Only if you want to be confused.  Without references one is confused by
circular data structures; without locations, one is confused by closures
and assignment.

There are /two/ layers of indirection between variable names and values
in Python.  One layer is the mapping between names and locations: the
usual term for this mapping is an `environment', and the modification of
this mapping is termed `binding'.  The other layer is the mapping from
locations to values; modification of this mapping is called
`assignment'.

As an example, I had this conversation with Python 3.0rc1.  (Python 2
can't illustrate the situation as clearly since it doesn't have
`nonlocal'.)

>>> ff = [lambda: x for x in [1, 2, 3]]
>>> ff[0]()
3
>>> ff[1]()
3

>>> def getset(x):
...   def get(): return x
...   def set(y): nonlocal x; x = y
...   return get, set
...
>>> g, s = getset(42)
>>> g()
42
>>> s(69)
>>> g()
69

>>> ff = [getset(x) for x in [1, 2, 3]]
>>> ff[0][0]()
1
>>> ff[1][0]()
2
>>> ff[1][1](5)
>>> ff[1][0]()
5
>>> ff[0][0]()
1
>>> ff[2][0]()
3

Again, your challenge is to explain these phenomena -- all of which, I
believe are required behaviour of Python 3 -- without talking about both
levels of indirection.

> At a lower level, what the Python VM does is store the name 'x' in a
> dictionary, bound to the object 23. No locations come into it, because
> at this level of explanation, dictionaries are an abstract mapping.

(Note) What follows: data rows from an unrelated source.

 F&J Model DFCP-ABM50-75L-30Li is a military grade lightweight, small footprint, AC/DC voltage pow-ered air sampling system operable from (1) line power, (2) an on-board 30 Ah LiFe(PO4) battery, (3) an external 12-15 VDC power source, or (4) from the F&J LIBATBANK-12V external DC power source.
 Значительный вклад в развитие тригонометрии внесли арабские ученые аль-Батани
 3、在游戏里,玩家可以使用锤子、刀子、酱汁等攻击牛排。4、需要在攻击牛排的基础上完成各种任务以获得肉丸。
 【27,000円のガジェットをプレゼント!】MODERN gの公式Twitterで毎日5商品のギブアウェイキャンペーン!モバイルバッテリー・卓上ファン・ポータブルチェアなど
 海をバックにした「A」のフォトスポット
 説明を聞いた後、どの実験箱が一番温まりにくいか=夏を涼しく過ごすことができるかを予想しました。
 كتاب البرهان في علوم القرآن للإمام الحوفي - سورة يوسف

You've misunderstood my definition of `location'.  Here, the dictionary
entry for the key `x' would indeed be the location.

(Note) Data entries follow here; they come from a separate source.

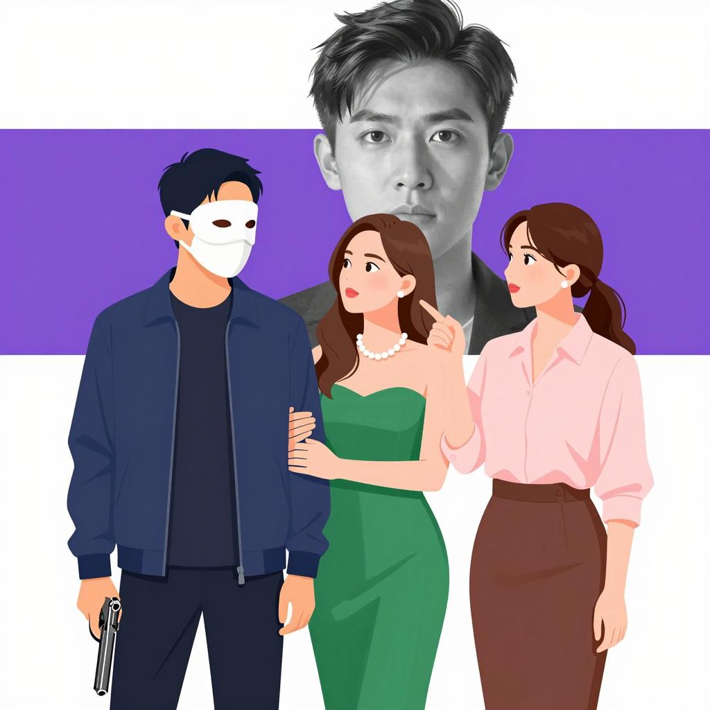 Black-and-white digital illustration of a man and woman with intense expressions. Silhouetted figures of two people walking between them. Man's face on left, woman's face on right. Both have dark hair and light skin. Background is completely black.
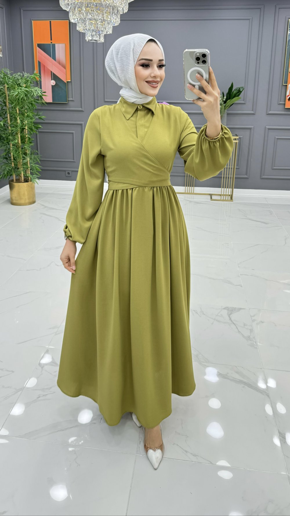 Tutku Elbise Takım Yağ Yeşili
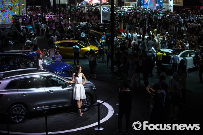 (부산=포커스뉴스) 3일 오후 부산 해운대구 벡스코에서 '2016 부산 국제모터쇼'가 공식 개막한 가운데 레이싱걸이 관람객들을 향해 포즈를 취하고 있다. 이번 국제모터쇼는 오는 12일 까지 계속 된다.

As a matter of implementation detail, a `dictionary', as understood by
Python users as a kind of Python value which implements an associative
array, is not actually used to deal with local variables at run-time.
Rather, each bound variable is given an index into a vector allocated at
function-entry time; variables which are bound in an outer function are
also given indices, and looked up in a different vector, allocated when
the closure was constructed.

> There's no requirement that the abstract dictionary structure works by
> storing addresses. 

I'd hoped I'd been very careful to avoid talking about addresses!
Indeed, I'd gone as far as saying that a location was an area of memory,
rather than the address of an area of memory, specifically to avoid that
trap.

Maybe it'll help at this point if I explain that all of the machinery I
described above, together with the definitions of pass-by-value and
pass-by-reference, can be converted fairly easily (I hope -- the
examples below make some headway here) into a formal semantics, with the
(intentionally) undefined notion of `immediate representation' of values
left as one of its parameters.  The use of terms such as `location' is
therefore intended to be /indicative/ of common machine architectures,
but not exclusively tied to them, since much more abstract systems --
such as, for example, denotational semantics -- can serve just as well.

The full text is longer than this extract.